Von Sokrates gibt es keine Bücher - vielleicht gab es Sokrates trotzdem. Er hat jedenfalls die Schrift als Übel abgelehnt, falls er je gesprochen hat.
Sokrates (Athen um 470-399) hinterließ keine Schriften, da er nur mündlich lehrte, so daß über seine Philosophie nur andere Leute (v. a. Platon, auch Xenophon) Auskunft geben.
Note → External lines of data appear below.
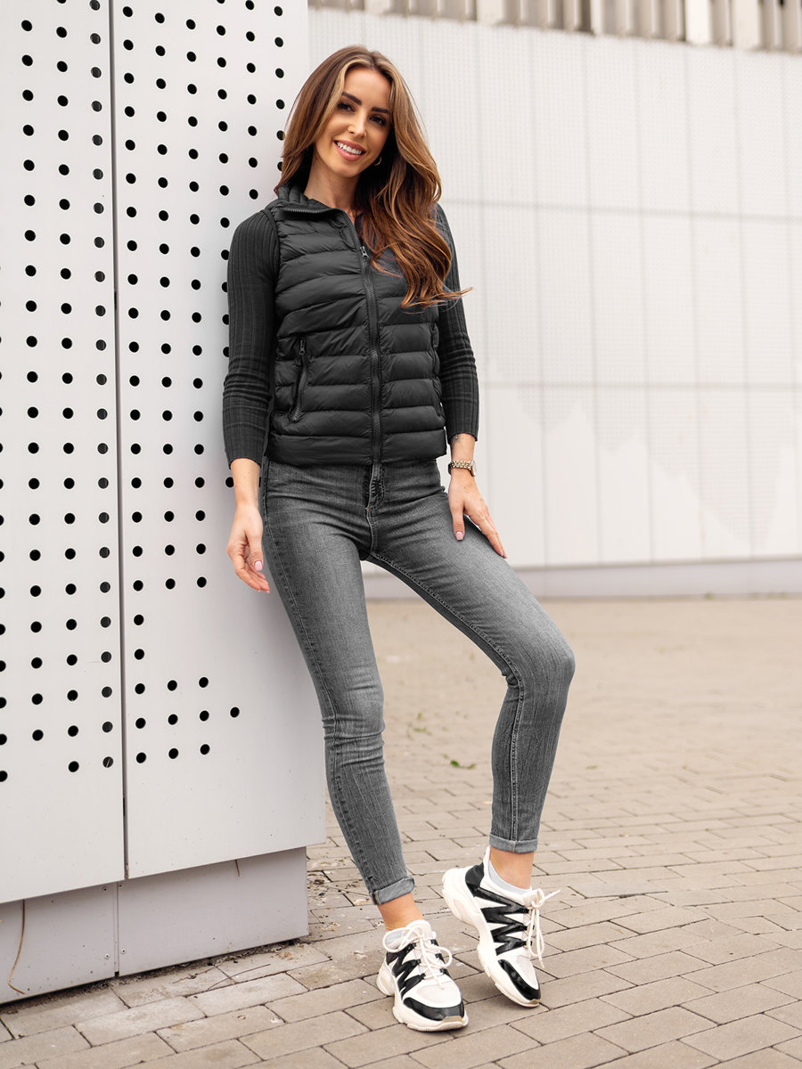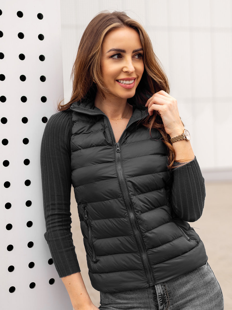 Ženski crni prošiveni prsluk Bolf 23077A bit će savršen za kreiranje sportske kombinacije. Ovaj prošiveni prsluk klasičnog kroja bit će izvrsna alternativa jakni u jesenskoj sezoni, pružajući zaštitu od hladnoće i vjetra. Zakopčava se patentnim zatvaračem i ima stojeći ovratnik. Dva vanjska džepa s patentnim zatvaračima daju mu praktičan karakter. Izrađen je od 100% najlona, tako da ćete se u njemu osjećati iznimno ugodno. Izgledat će sjajno uz trenirke stvarajući sportski, opušteni outfit. Jednako savršeno pristajetrapericama. Možete ga nositi na trenirku ili majicu !
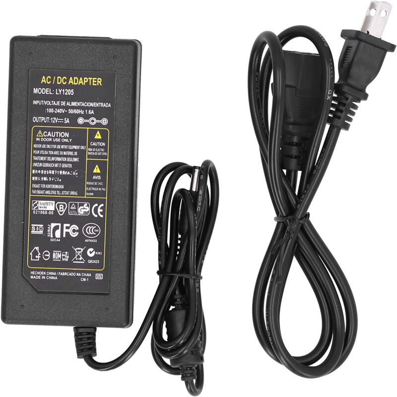 Adaptateur Secteur 5A 100‑240V AC vers 12V DC pour Ruban LED, Caméra, TV avec Fiche US
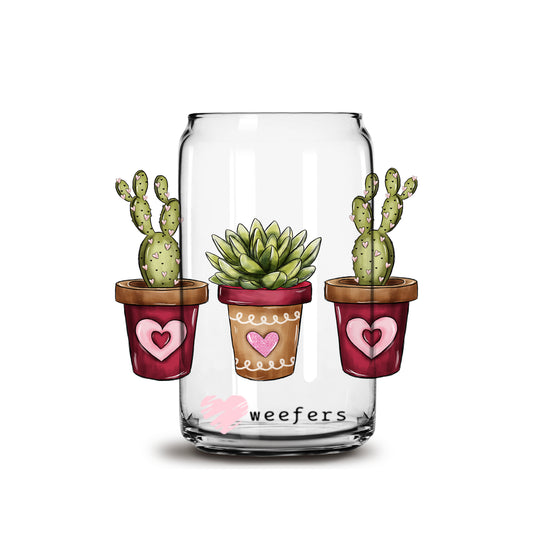 Valentine's Succulent 16oz Libbey Glass Can UV DTF or Sublimation Cup Wrap - Decal Transfer
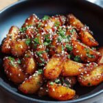Diese knusprigen Honig-Chili-Kartoffeln bieten eine harmonische Kombination aus Süße und Schärfe. Die Kartoffelstücke werden außen goldbraun und zart knusprig gebacken, während sie innen weich bleiben. Anschließend werden sie in einer glänzenden Honig-Chili-Sauce geschwenkt, die ihnen eine unwiderstehliche klebrige Textur und einen komplexen Geschmack verleiht. Garniert mit Sesam und frischen Kräutern, sind sie eine vielseitige Beilage oder ein köstlicher Snack.
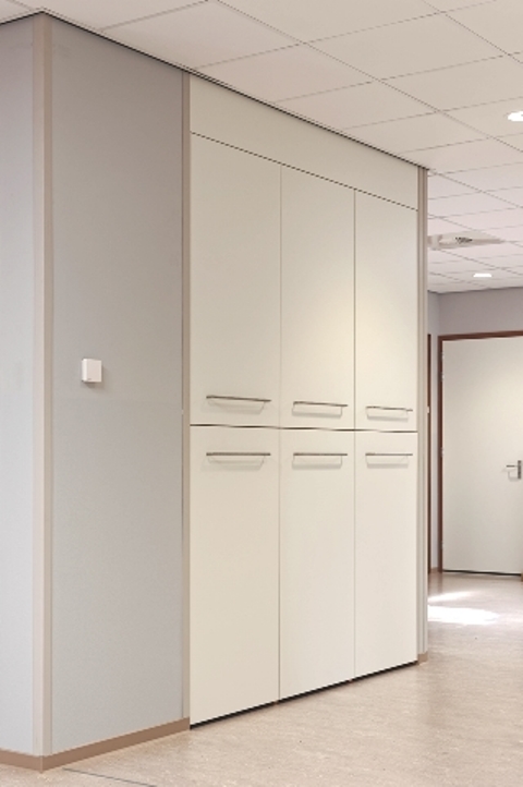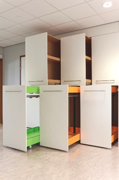 De garderobe-nissen zijn geheel op maat gemaakt en passen perfect in het gebouw. Elke nis bestaat uit twee delen, waarvan het bovenste gedeelte uitschuifbaar is en gebruikt kan worden als archiefkast. Het onderste gedeelte van de nis dient als opbergruimte voor verrijdbare garderoberekken.
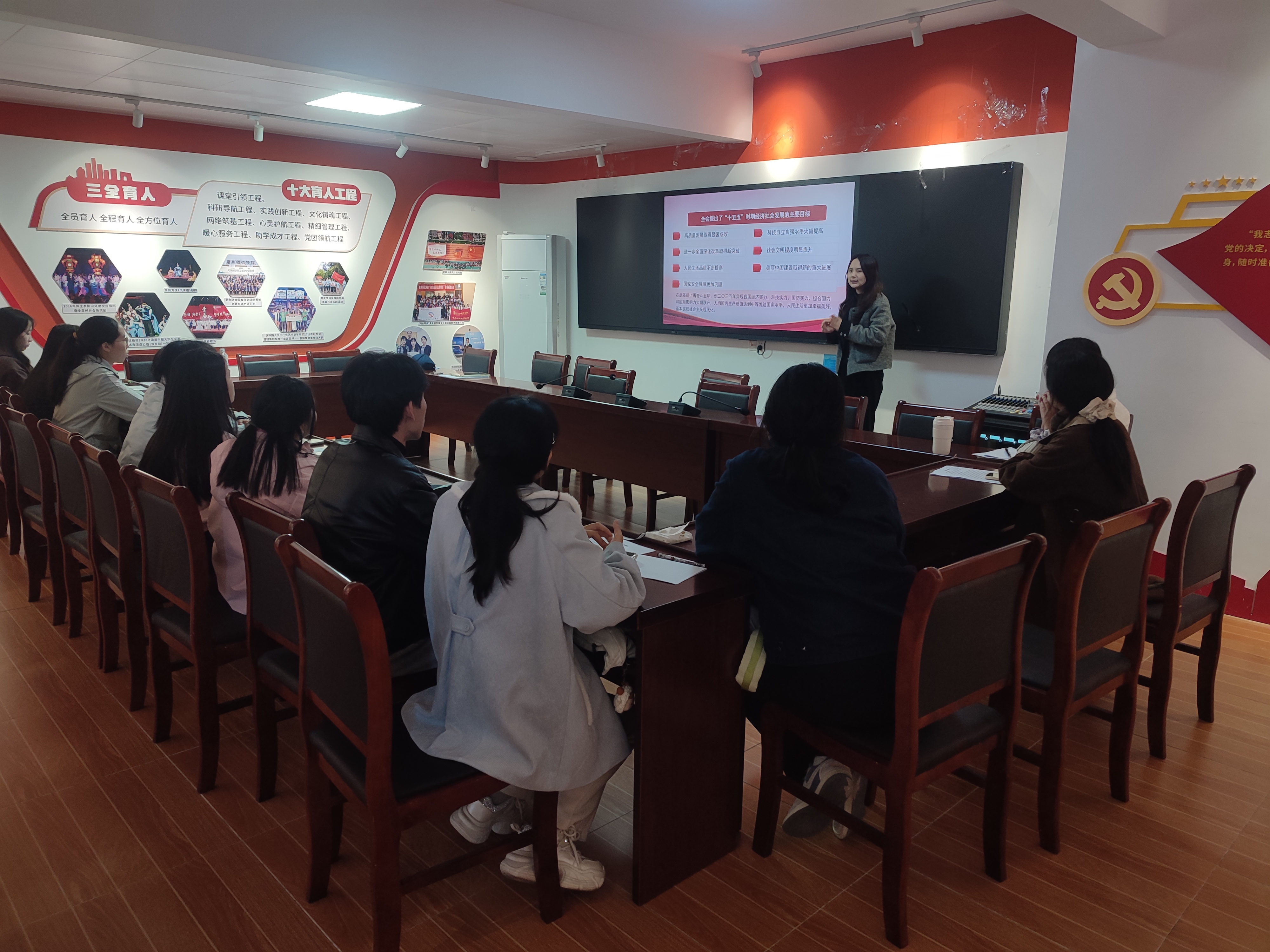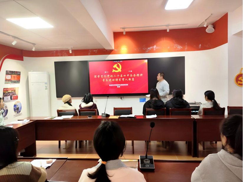 团委委员杨碧敏紧扣党的二十届四中全会精神,聚焦“十五五”时期战略部署与青年使命担当,为支部党员解读在科技创新、乡村振兴、绿色发展等领域对青年提出的新要求,引导学生将个人理想融入国家发展大局,在专业学习与实践历练中找准自身定位,为国家战略实施注入青春动能。
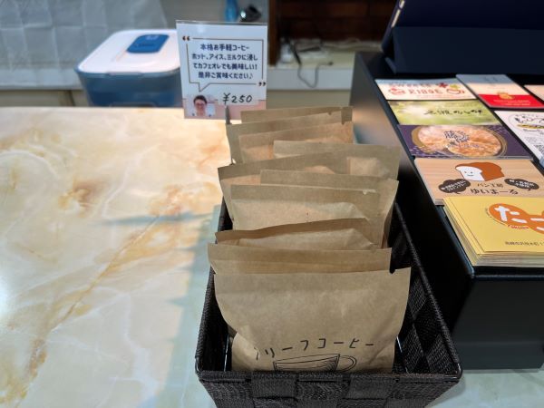 レジのところにお家でも楽しめるコーヒーも販売しております。

Sokrates wird ein Diskurs-Verfahren angelastet, das sokratischer Dialog genannt wird. Gemeint ist damit ein Schein-Dialog, oder eben das Gegenteil eines Dialoges. Das Verfahren, in welchem Wahrheit zutage gebracht wird, wird Mäeutik (Hebammenkunst) genannt. Sokrates verfuhr dabei in der Weise, dass der Fragende, obgleich er der Wissende ist, sich unwissend stellt, wobei er von dem Gefragten, als ob dieser wissend wäre, belehrt zu werden vorgibt. (siehe unten B. Skinner und Plato: Menon) In bezug auf sein eigenes Handeln berief sich Sokrates auf sein Dämonion (eine Art Gewissen), eine warnende Stimme, die, wenn er etwas Unrechtes zu tun im Begriff sei, sich vernehmbar mache. Da Sokrates das Sittliche auf die Selbstgewissheit des Menschen gründete (nicht auf Ordnungen wie Sitte, Staat, Religion), wurde er wegen Gottlosigkeit angeklagt und zum Tode durch den Schierlingsbecher (Giftbecher) verurteilt. Sokrates fungiert als Ethiker, der seine Ethik - im Unterschied zu den Sophisten - ausgesprochen hat. |
Textstellen:
"O Sokrates, das wußte ich schon, bevor ich dir begegnete, daß du nichts anderes bietest, als selbst in Aporie sein und andere darein zu stürzen. Auch jetzt übst du diese Behexung und Vergiftung und Beschwörung aus, daß ich ganz in Ratlosigkeit verstrickt bin. Und du kommst mir ganz und gar, wenn auch ich etwas spotten darf, an Gestalt und auch sonst wie der breite Meeresfisch vor, der Zitterrochen („Narkose“fisch – narkê) heißt. Denn auch der, wenn er einem nahe kommt, macht, daß man einen Narkose-Schlag bekommt."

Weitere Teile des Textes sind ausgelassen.